● **Work request**
Make a verbatim copy of the records; pictures stay out.
═══ Data to use
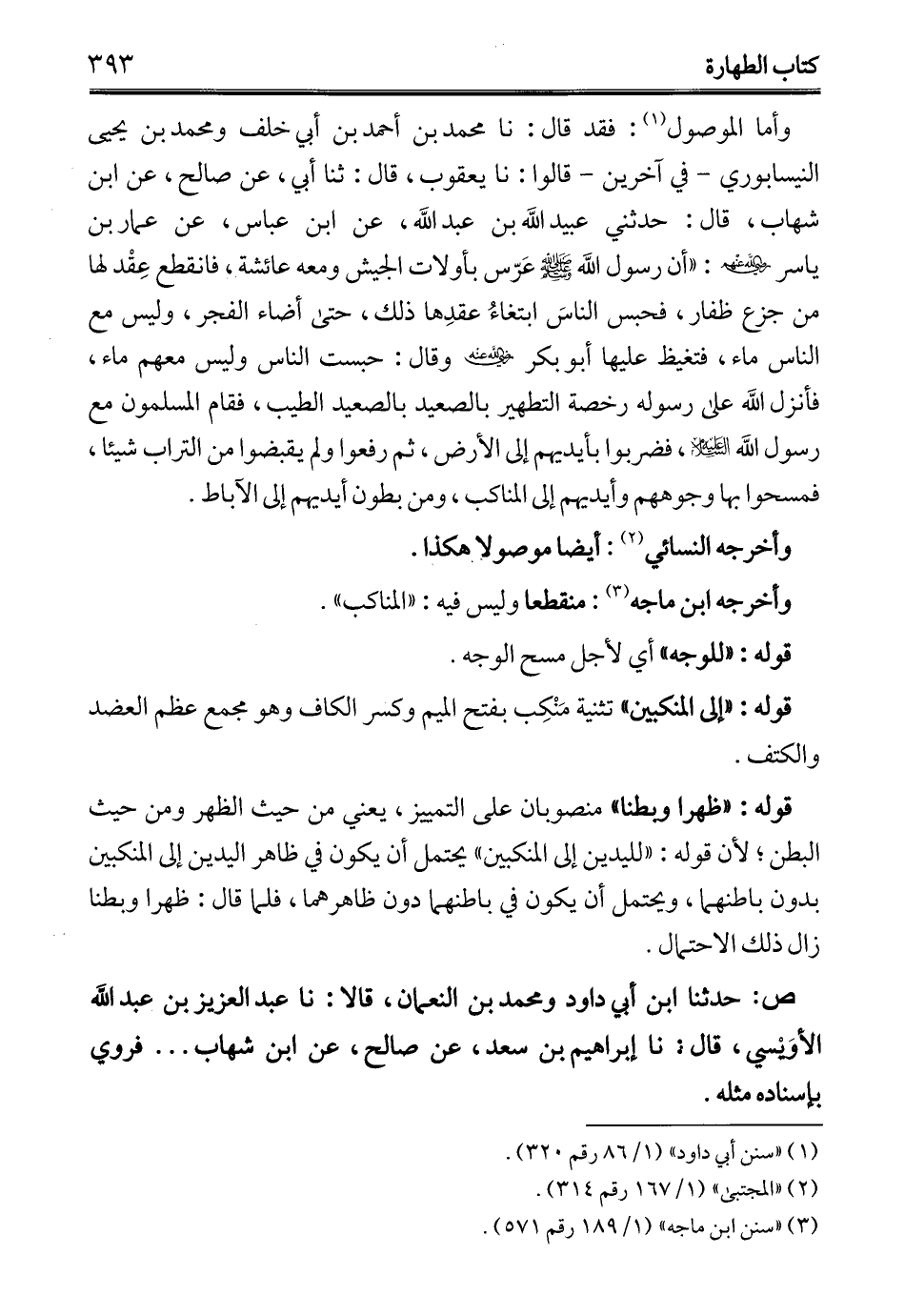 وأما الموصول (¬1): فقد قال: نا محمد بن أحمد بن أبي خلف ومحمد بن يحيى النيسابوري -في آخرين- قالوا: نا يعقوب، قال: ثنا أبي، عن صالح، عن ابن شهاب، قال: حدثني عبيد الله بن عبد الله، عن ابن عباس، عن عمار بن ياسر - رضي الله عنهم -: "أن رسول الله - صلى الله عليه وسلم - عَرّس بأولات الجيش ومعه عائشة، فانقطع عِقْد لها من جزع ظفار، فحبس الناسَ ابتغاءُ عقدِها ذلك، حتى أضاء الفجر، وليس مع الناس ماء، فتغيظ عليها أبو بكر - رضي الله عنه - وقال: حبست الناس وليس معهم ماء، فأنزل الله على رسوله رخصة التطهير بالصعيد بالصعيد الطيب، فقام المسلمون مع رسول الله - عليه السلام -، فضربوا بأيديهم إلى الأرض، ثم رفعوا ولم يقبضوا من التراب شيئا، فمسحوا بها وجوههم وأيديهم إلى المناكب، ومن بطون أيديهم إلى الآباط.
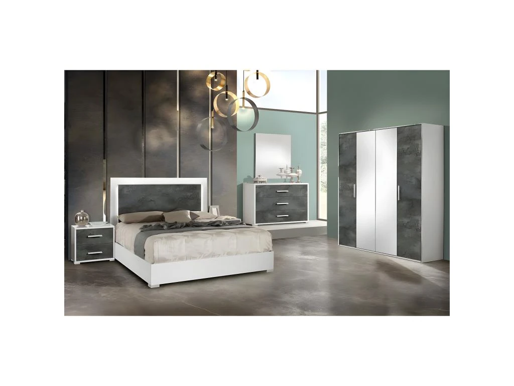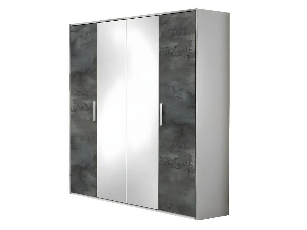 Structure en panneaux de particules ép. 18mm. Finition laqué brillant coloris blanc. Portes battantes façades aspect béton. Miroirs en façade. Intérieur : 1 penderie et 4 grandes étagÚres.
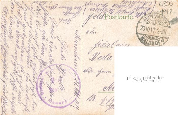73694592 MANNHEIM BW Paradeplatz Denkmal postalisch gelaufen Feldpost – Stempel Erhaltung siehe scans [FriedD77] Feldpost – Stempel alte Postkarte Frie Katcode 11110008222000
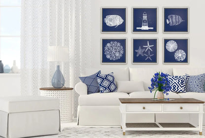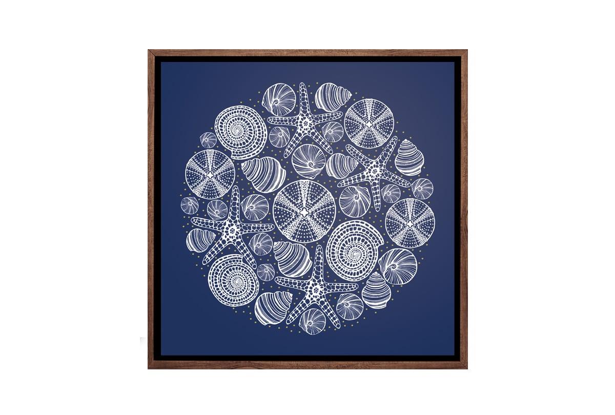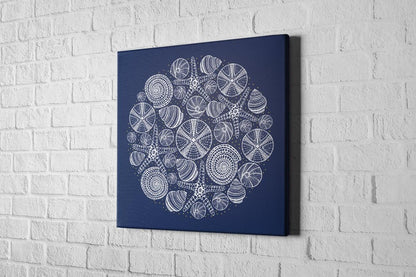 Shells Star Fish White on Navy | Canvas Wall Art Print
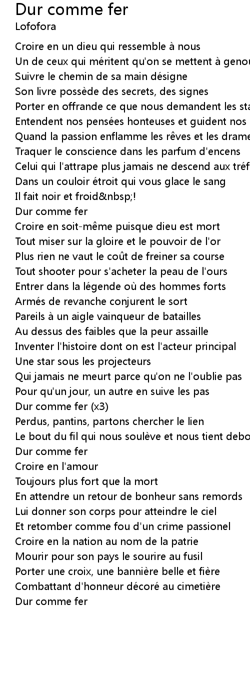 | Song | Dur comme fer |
══════
● **Your response**
 وأما الموصول (¬1): فقد قال: نا محمد بن أحمد بن أبي خلف ومحمد بن يحيى النيسابوري -في آخرين- قالوا: نا يعقوب، قال: ثنا أبي، عن صالح، عن ابن شهاب، قال: حدثني عبيد الله بن عبد الله، عن ابن عباس، عن عمار بن ياسر - رضي الله عنهم -: "أن رسول الله - صلى الله عليه وسلم - عَرّس بأولات الجيش ومعه عائشة، فانقطع عِقْد لها من جزع ظفار، فحبس الناسَ ابتغاءُ عقدِها ذلك، حتى أضاء الفجر، وليس مع الناس ماء، فتغيظ عليها أبو بكر - رضي الله عنه - وقال: حبست الناس وليس معهم ماء، فأنزل الله على رسوله رخصة التطهير بالصعيد بالصعيد الطيب، فقام المسلمون مع رسول الله - عليه السلام -، فضربوا بأيديهم إلى الأرض، ثم رفعوا ولم يقبضوا من التراب شيئا، فمسحوا بها وجوههم وأيديهم إلى المناكب، ومن بطون أيديهم إلى الآباط.
 Structure en panneaux de particules ép. 18mm. Finition laqué brillant coloris blanc. Portes battantes façades aspect béton. Miroirs en façade. Intérieur : 1 penderie et 4 grandes étagÚres.
73694592 MANNHEIM BW Paradeplatz Denkmal postalisch gelaufen Feldpost – Stempel Erhaltung siehe scans [FriedD77] Feldpost – Stempel alte Postkarte Frie Katcode 11110008222000
 Shells Star Fish White on Navy | Canvas Wall Art Print
 | Song | Dur comme fer |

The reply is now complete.